Some of these women travel to PNG on tourist visas, knowing that they will engage in prostitution, The National reports.

Upon arrival, they are dispersed to various nightclubs, bars and employee dormitories and soon end up in a situation of involuntary servitude.

The report said some logging camps bring women indicating that they would work as cooks and secretaries.

The report said internally women and children are sold for sexual exploitation. Women are occasionally sold as brides, and children are held in indentured servitude either as a means of paying a family debt or because the natural parent cannot afford to support the  child.

It said children in prostitution are common in nightclubs and bars in the cities.

The report said the PNG government does not fully comply with the minimum standards for eliminating trafficking and is not making any significant effort to do so. It said the government did not report any progress in prosecuting or punishing trafficking offences over the last year.

It said while the Criminal Code prohibits the trafficking of children for commercial sexual exploitation, slavery and abduction, there are no specific penalties for crimes of trafficking adults for commercial sexual exploitation.

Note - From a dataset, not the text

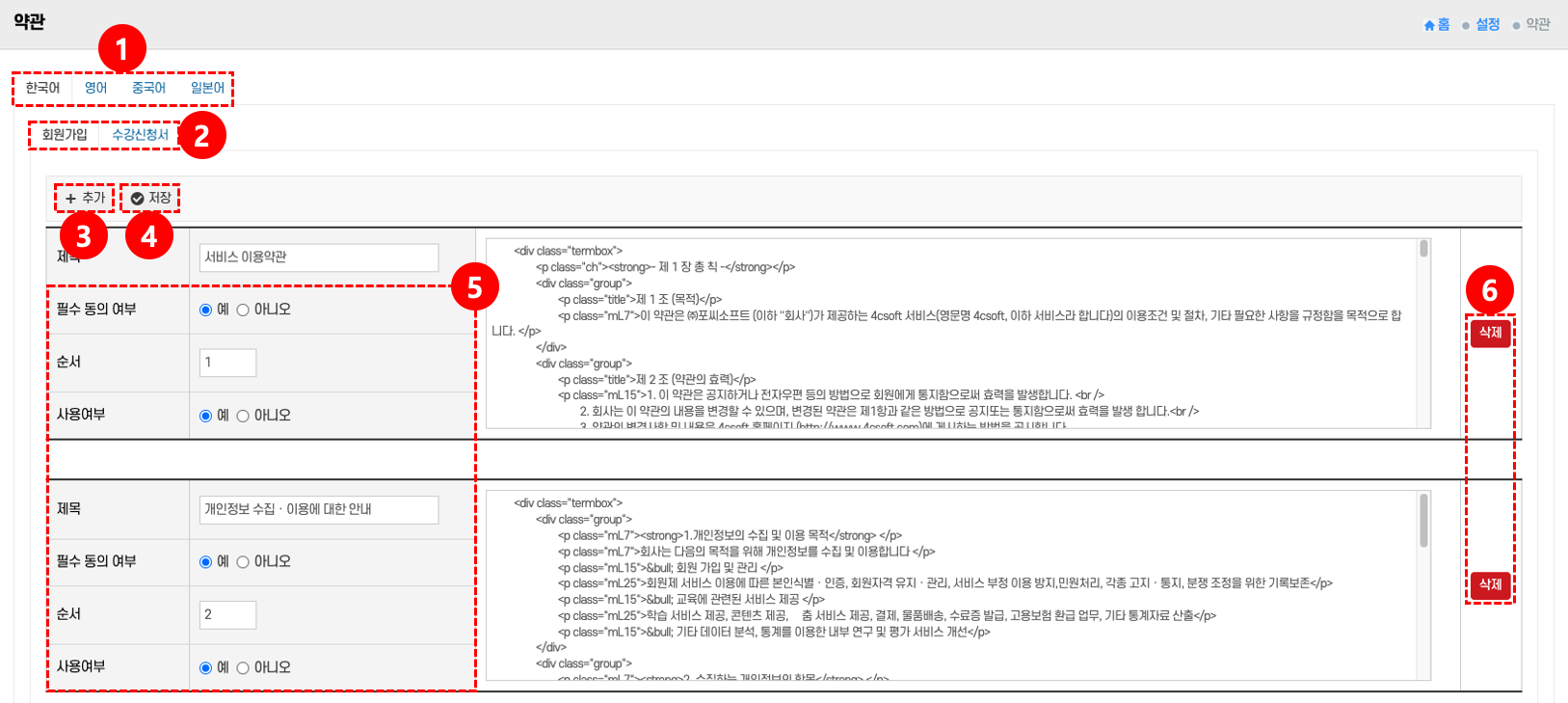• 삭제: 불필요한 약관의 삭제 버튼 ⑥ 클릭 → 해당 항목이 목록에서 제거된다.
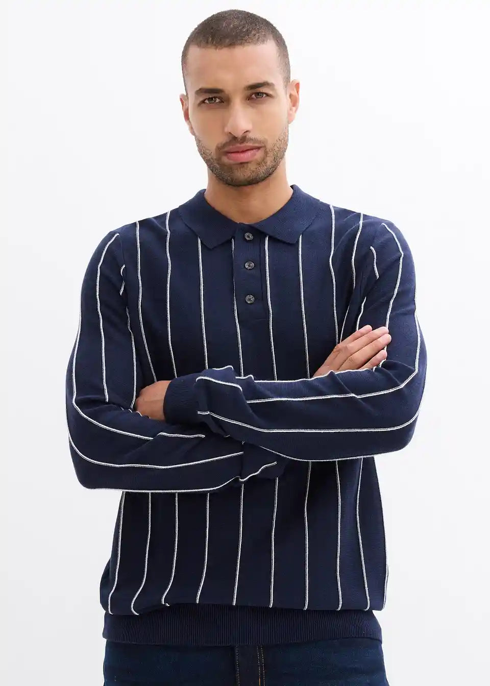 Fino pleten pulover z nevpadljivimi črtami

The report said wealthy business people, politicians and members of the police are complicit in profiting from the operations of establishments profiting from prostitution, even though prostitution was illegal in PNG.

Police rarely raid these operations and when they do, owners are frequently tipped off before hand and those arrested are rarely prosecuted. The U. S. urged PNG to work with international experts and donors to formulate anti-trafficking legislation.